Self-diffusion in isotropic and liquid crystalline phases of fd virus colloidal rods: a combined single particle tracking and differential dynamic microscopy study

TL;DR

This study combines single particle tracking and differential dynamic microscopy to analyze the complex self-diffusion behavior of fd virus colloidal rods across various liquid crystalline phases, providing new insights into their dynamics.

Contribution

It introduces a combined methodological approach using SPT and DDM to study anisotropic colloidal rod dynamics across multiple self-assembled phases, revealing phase-dependent diffusion characteristics.

Findings

Long-time diffusion coefficients measured in the smectic phase.

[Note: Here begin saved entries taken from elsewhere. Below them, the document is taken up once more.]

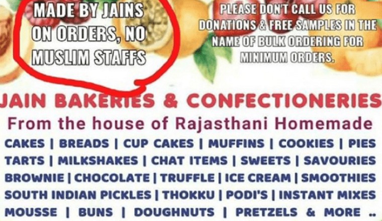 ভারতে মুসলিম বিদ্বেষী চিত্র হর হামেশাই দেখা যায়। সাম্প্রদায়িক উস্কানি দিয়ে দেশটিতে বহু হত্যাকাণ্ড, বাড়িঘর জ্বালিয়ে দেওয়ার ঘটনা ঘটেছে। করোনাভাইরাসের প্রাদুর্ভাবকালেও সাম্প্রদায়িক বর্বরতা চালানোর চেষ্টা করছে এক শ্রেণির মানুষ। ভারতের চেন্নাইয়ে মুসলিম বিদ্বেষের একটি ঘটনা ঘটেছে। ভারতীয় সংবাদমাধ্যম আনন্দবাজার পত্রিকা জানিয়েছে, ‘দোকানে কোনো মুসলিম কর্মচারী নেই’ বিজ্ঞাপন টাঙিয়ে গ্রেপ্তার হয়েছেন এক বেকারি মালিক। ধর্মীয় অবমাননা এবং বিশৃঙ্খলায় প্ররোচনা দেওয়ার অভিযোগে তার বিরুদ্ধে মামলা দায়ের করেছে পুলিশ।
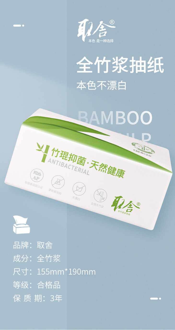取舍全竹浆本色抽纸单箱装(18包/箱 )
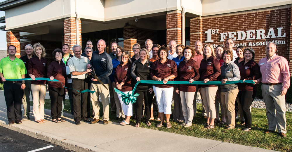 First Federal of Van Wert held a ribboncutting ceremony through the Van Wert Area Chamber of Commerce to celebrate its 125-year history in Van Wert. Shown cutting the ribbon is First Federal President Brian Renner, while First Federal staff and board members and Chamber board members and staff look on (click on the photo for a larger version). Dave Mosier/Van Wert independent
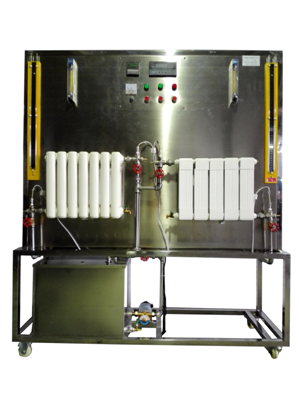 不同形式合金散熱器,不銹鋼電加熱水箱,流量調(diào)節(jié)閥門(mén)組,轉(zhuǎn)子流量計(jì),循環(huán)熱水泵,水溫控制儀表,U型壓力計(jì),8路萬(wàn)能信號(hào)變送輸出巡檢儀。
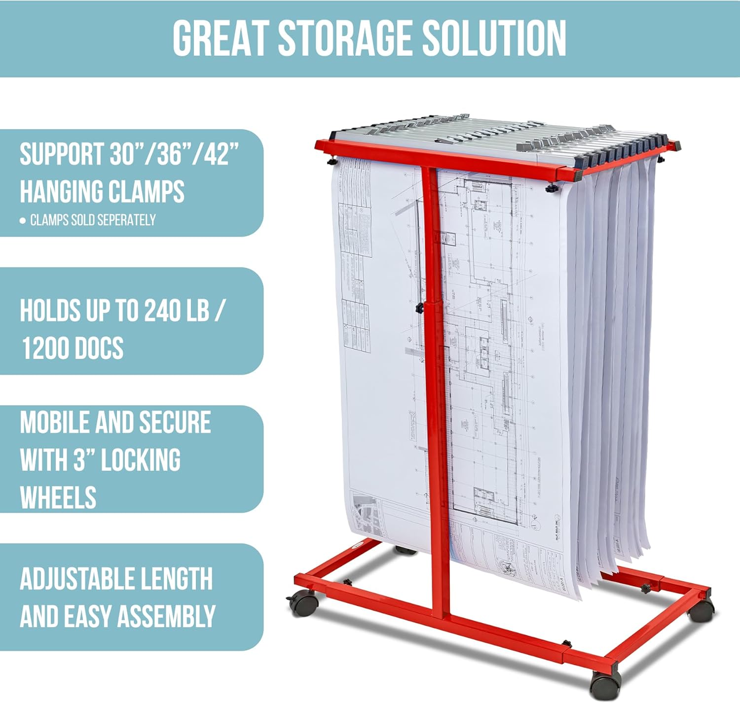 - Mobile Blueprint Rack: The Adir hanging blueprint racks are transportable with ease. The portable storage for blueprints is equipped with brakes to ensure stability.
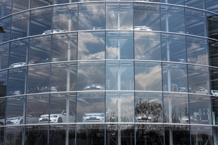 DRESDEN, GERMANY - APRIL 2 2018: Plug-in hybrid Volkswagen e-Golf electric cars stands behind glass in the Glaserne Manufaktur - Transparent Factory on April 2, 2018 in Dresden, Germany.
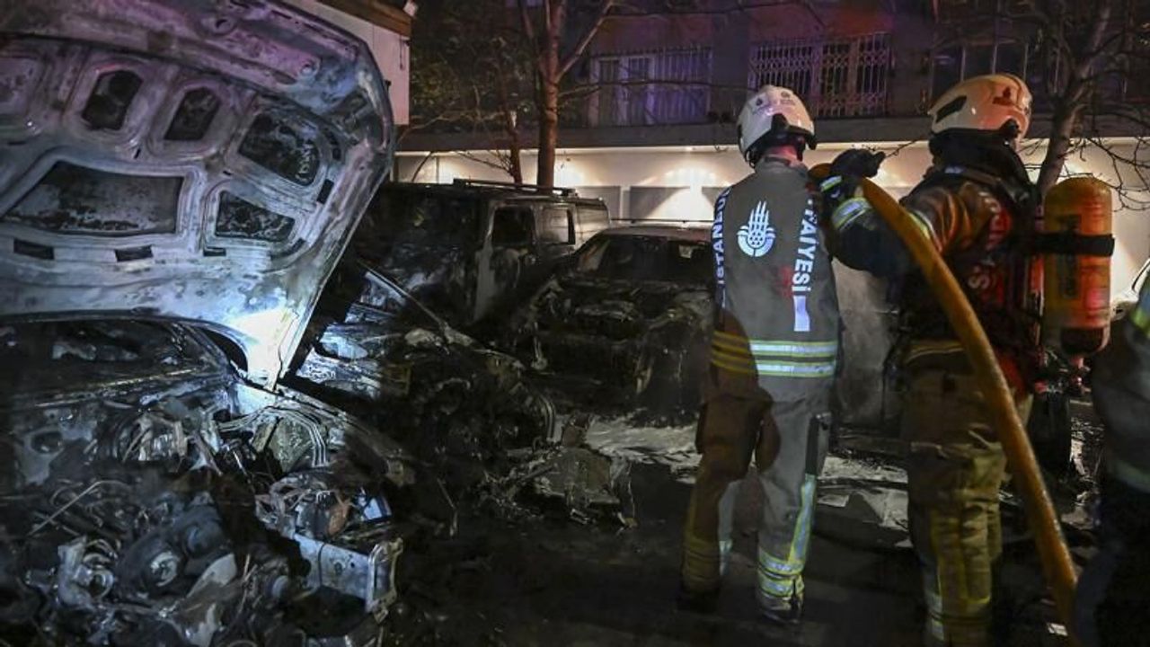 İtfaiye ekiplerinin müdahalesiyle yangın söndürülürken, araçlarda hasar oluştu.
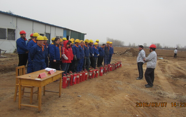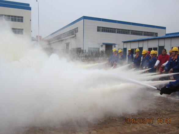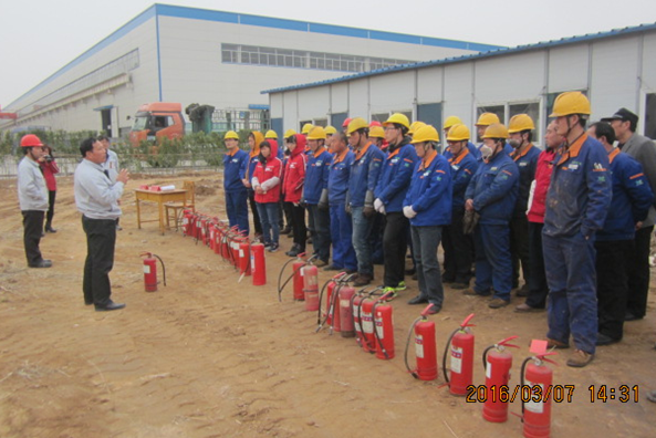 這次消防演練,由企管部王建功經理擔任總指揮。首先,王經理強調了消防安全工作的重要性及本次消防演練的目的意義。安全設備部劉漢慶經理講解了滅火器具體使用方法,并就消防如何逃生等安全知識進行了培訓。最后,公司副總裁兼質量總監王建波就公司重點危險源進行了強調,并對過去的消防安全經驗教訓做了總結和回顧。辦公室及生產中心領導同時參加活動。
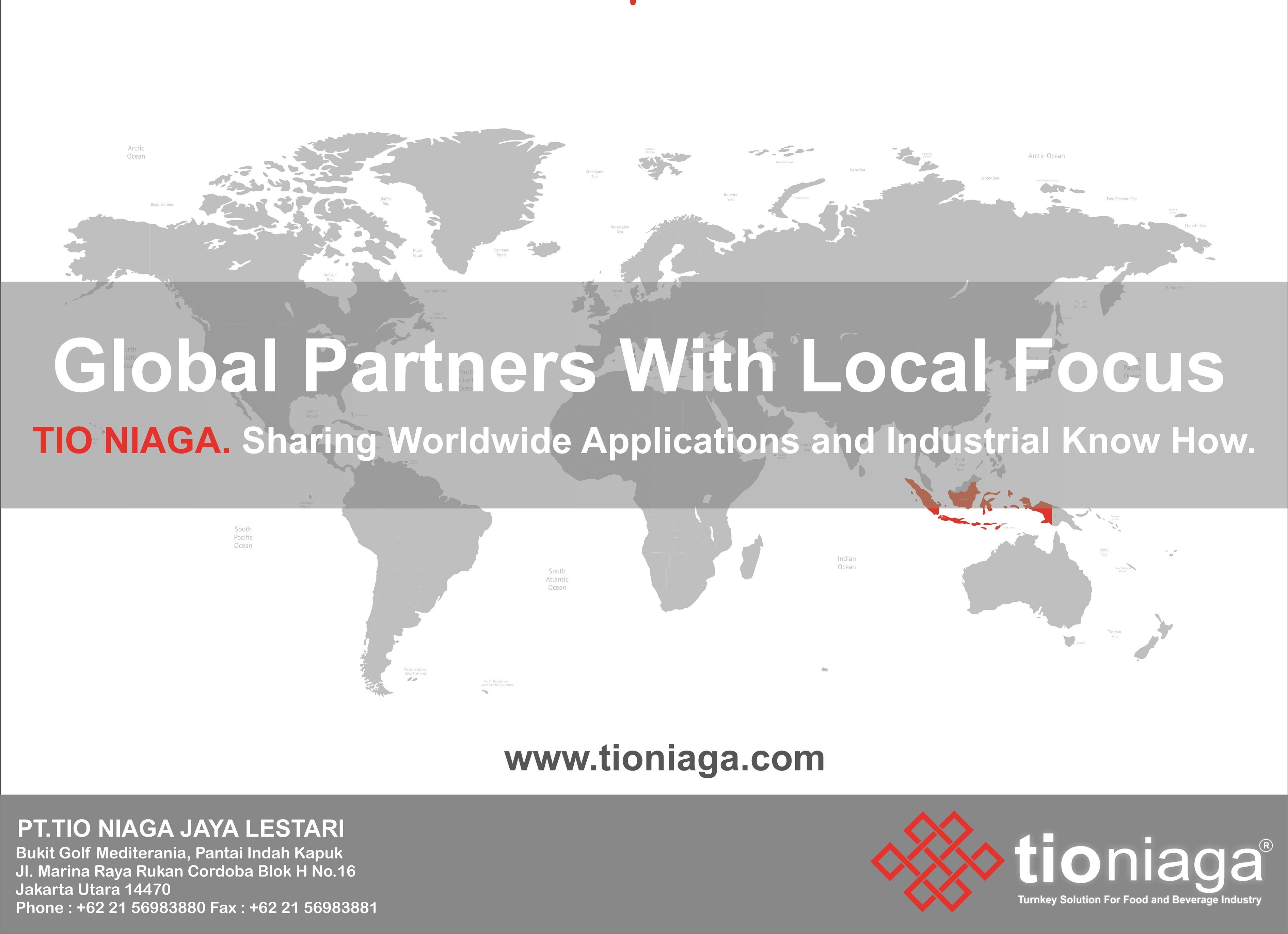 Founded in 2005, Tioniaga provide solutions and system integration that focuses on food and beverage industry in Indonesia. We have broad and close network to the food and beverage industry. To excel our service to our customer, we have the best partners and suppliers which offer you with the most efficient and reliable machines available in the industry.
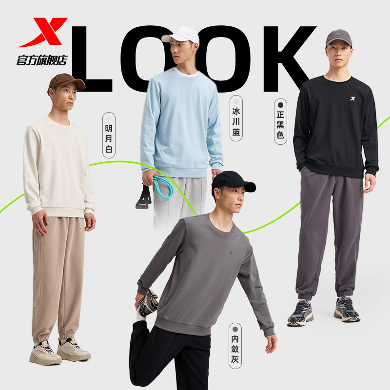 ¥71 37!特步男士圆领卫衣秋季新款 99
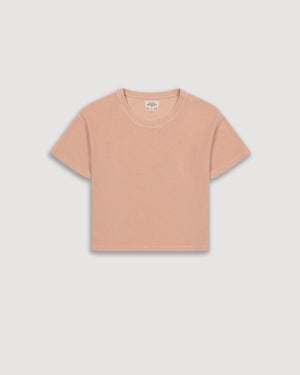Girls' T-shirt, loose-fitting pair, short-sleeved round neck in terry cotton. Drop armholes.
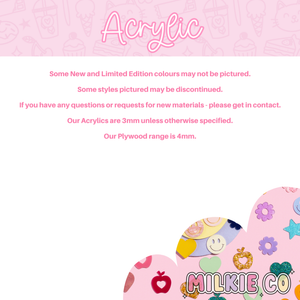 All of our Milkie Co Cake Toppers are designed and manufactured in Australia using high quality 3mm acrylic.
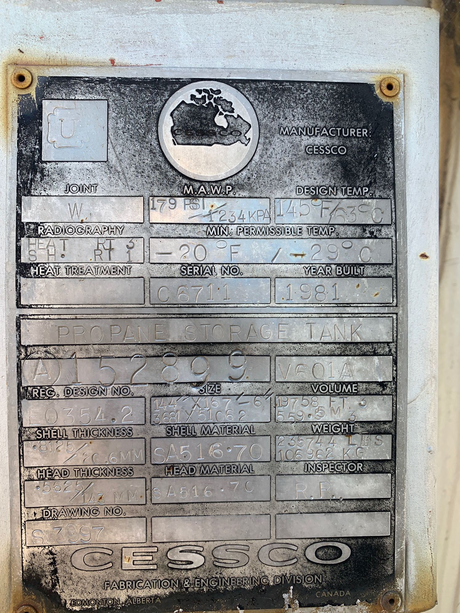 147,000 USG LPG Bullet 179 psi
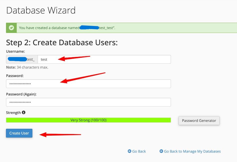 As you probably noticed, your cpanel username will be prepended to any database name or username. For this example the db username is: alttrixcloudtest_test and the username is alttrixcloudtest_test. Once you have your database created you can now connect it to your scripts that will need to access it.
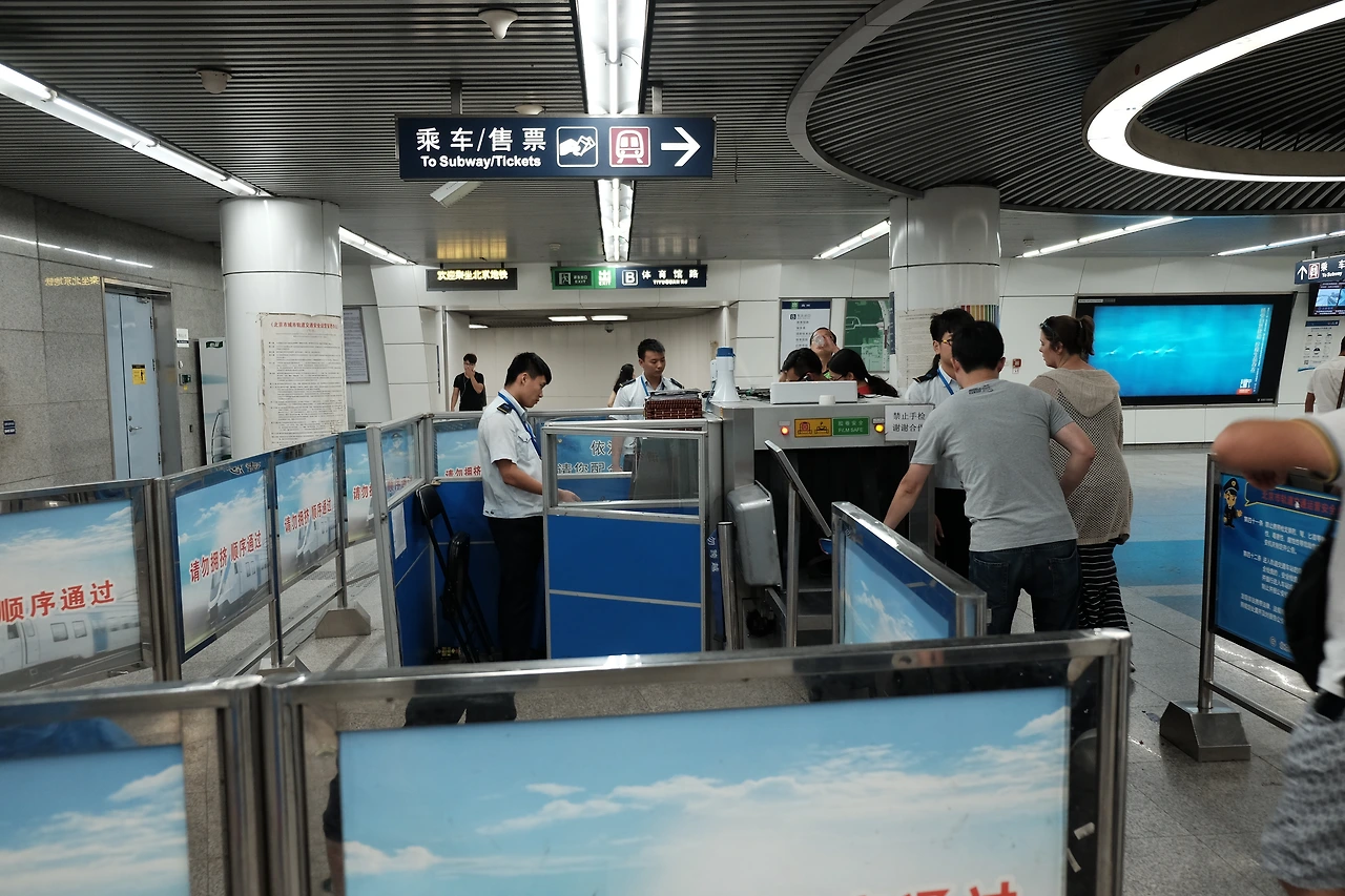중국에서 짐 검사를 하는 곳들의 특징들은 다음과 같다. 사람이 많이 모이는 곳(1), 값비싼 사회시설이 있는 곳(2), 귀중한 문화재들이 있는 곳(3). 지하철의 경우는 (1)과 (2)에 해당한다. 천안문 광장에 들어갈 때도 짐 검사를 하는데 그 곳은 (1), (3)에 해당한다. 이 기준은 공식적인 건 아니고, 내가 여행다니면서 생각해본 기준이다.
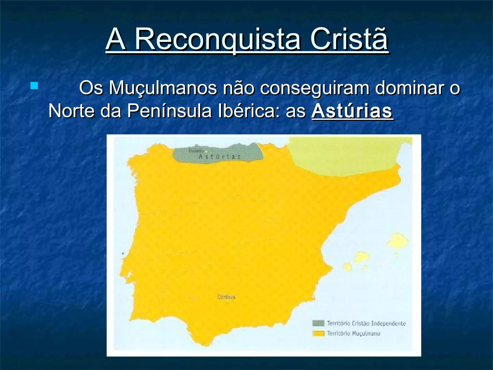 O documento descreve a Reconquista Cristã da Península Ibérica pelos reinos cristãos contra os muçulmanos. Começou com a vitória de Pelágio das Astúrias na batalha de Covadonga, formando-se o primeiro reino cristão. Outros reinos como Leão, Castela, Navarra e Aragão também surgiram durante a reconquista. O Condado Portucalense pertencia a Leão e foi governado por D. Henrique, que recebeu o condado como prêmio por seus serviços ao rei de
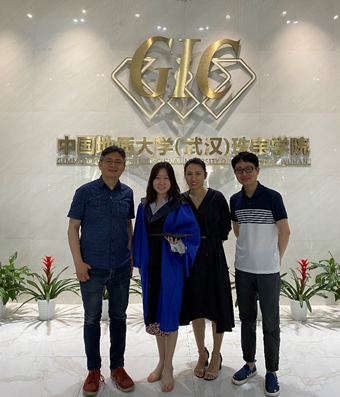 程卡卡同学(左二)和团队郝亮教授(左一)、李妍副教授(右二)、李正副教授(右一)
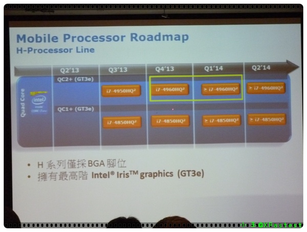 ▼Mobile H系列上市的時程規劃,擁有INTEL最高階的Iris Graphic
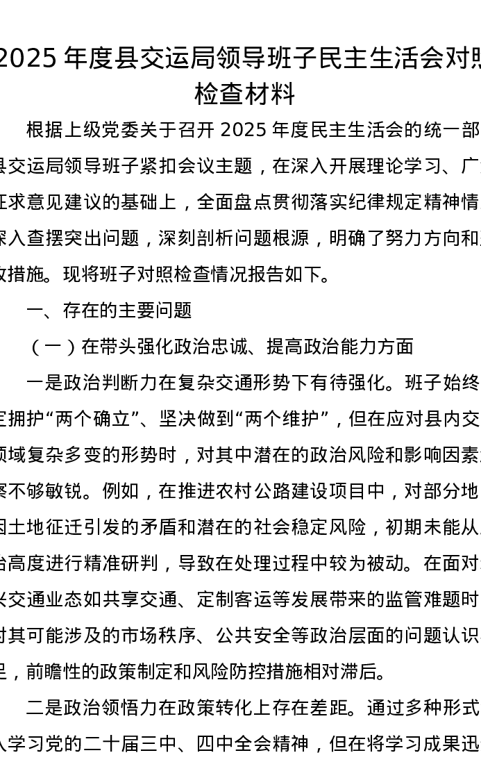 2025年度县交运局领导班子xxxxx对照检查材料
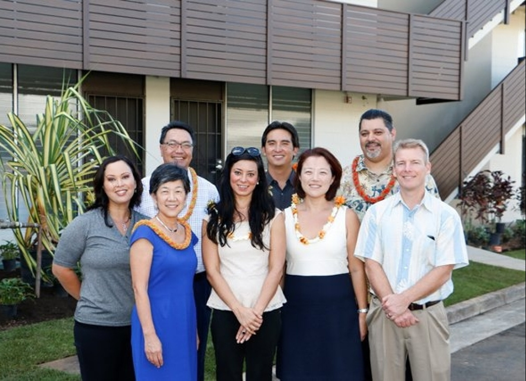 The KS team celebrates the completion of the Kolo Village renovation. From left: Communications Specialist Mae Russell, Endowment VP Elizabeth Hokada, Trustee Chairman Lance Wilhelm, Senior Real Estate Analyst Constanza Asfura-Heim, Senior Asset Manager Casey Ching, Development Manager Sharon Gi, Chief of Staff Walter Thoemmes and Asset Management Director Kit Millan.
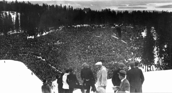 Ski. Hopprenn. Holmenkollen, Oslo 1934. Oversiktsbilde fra toppen av bakken ned mot sletta og publikum. Hopper i svevet. Tilskuere ses øverst i unnarennet. Oslofjorden skimtes i bakgrunnen.
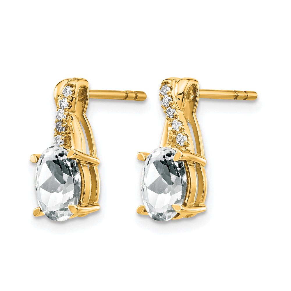 14K 5×3 Oval April/White Topaz and Diamond Dangle Post Earrings
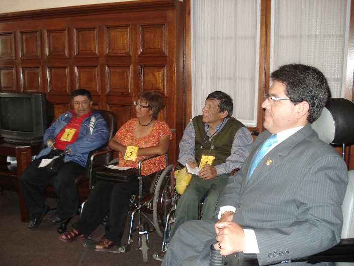 Representantes de asociaciones y federaciones del Callao se reunieron con el congresista Michael Urtecho, presidente de la Comisión Especial de Discapacidad del Congreso, con la finalidad de buscar alternativas de solución a la problemática de las personas con discapacidad de la región Callao. 19/11/08. |
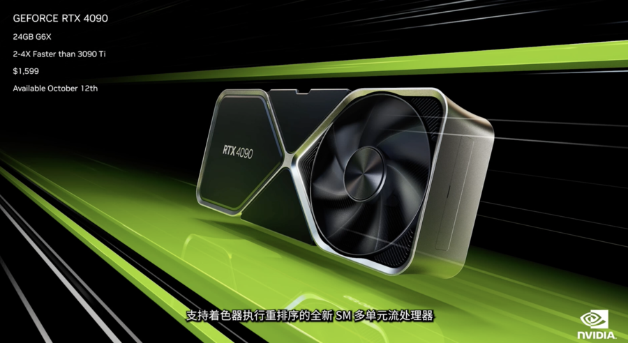 除了上述三大进步,RTX 4090还搭载一个用于DLSS 3像素处理的300TOPS光流加速器,总体处理吞吐量提升达4倍,相较于目前的旗舰GPU 3090Ti,RTX4090使游戏“微软模拟飞行”速度提升达2倍,使游戏“传送门”RTX版的速度提升达3倍,使“RacerX”的速度提升达4倍。作为全新重量级冠军产品,RTX 4090的建议零售价为1599美元起,将于10月12日上市。
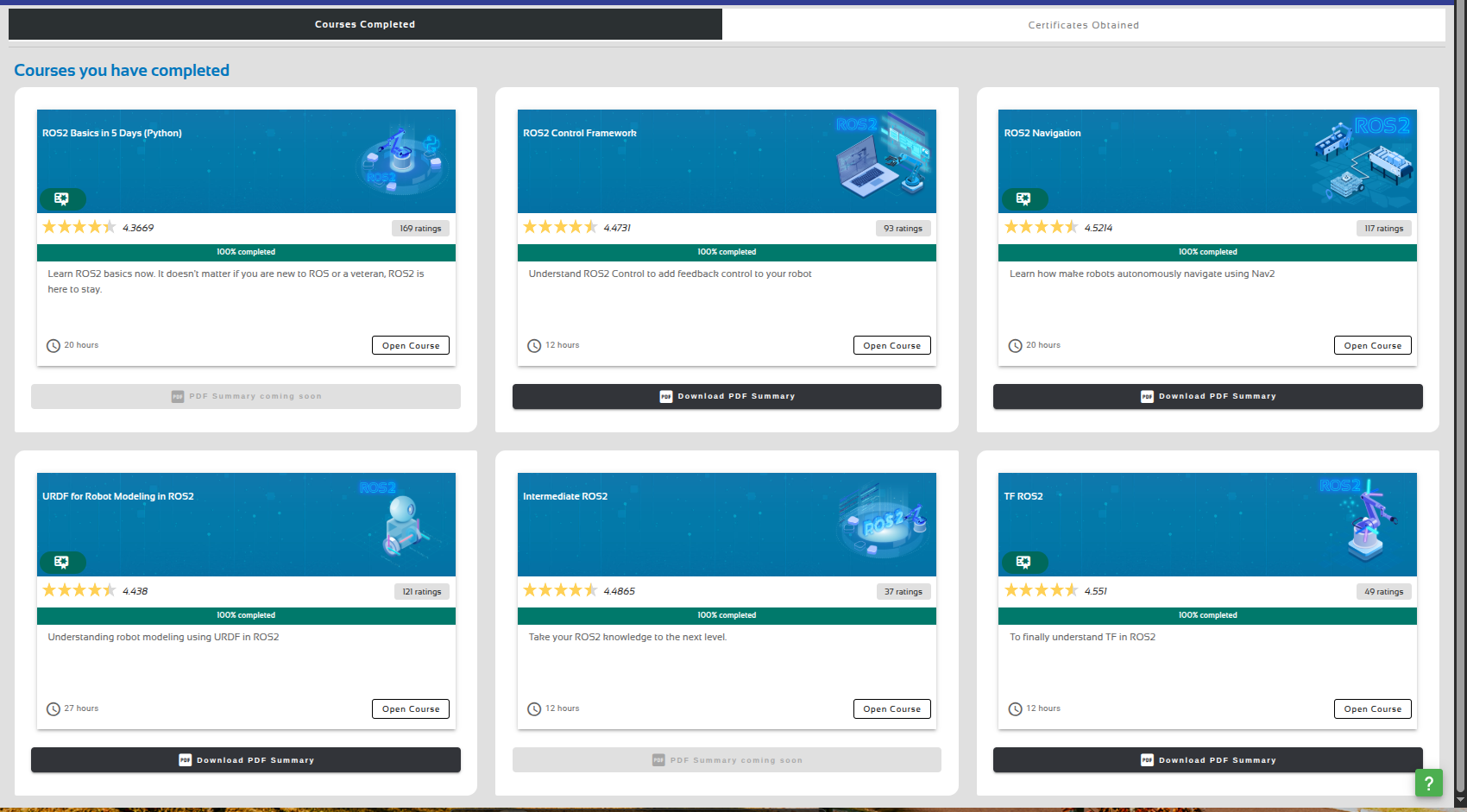 I haven’t received the certification after completed the ROS2 learning path, even through all the courses are completed
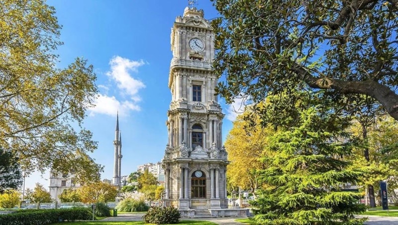 Bezmialem Valide Sultan Camii ile Dolmabahçe Sarayı Saltanat Kapısı arasında yer alan kule, gece ışıklandırmalarıyla bambaşka bir hale bürünüyor.

Comparison of SPT and DDM highlights their complementary strengths.

Insights into the dynamics of viral colloidal rods in different phases.

Abstract

In this article, we investigate the dynamics of self-organised suspensions formed by rod-like fd virus colloids. Two methods have been employed for analysing fluorescence microscopy movies: single particle tracking (SPT) in direct space and differential dynamic microscopy (DDM) in reciprocal space. We perform a quantitative analysis on this anisotropic system with complex diffusion across different self-assembled states, ranging from dilute and semi-dilute liquids to nematic and smectic organisations. By leveraging the complementary strengths of SPT and DDM, we provide new insights in the dynamics of viral colloidal rods, such as long time diffusion coefficients in the smectic phase. We further discuss the advantages and limitations of both methods for studying the intricate dynamics of anisotropic colloidal systems.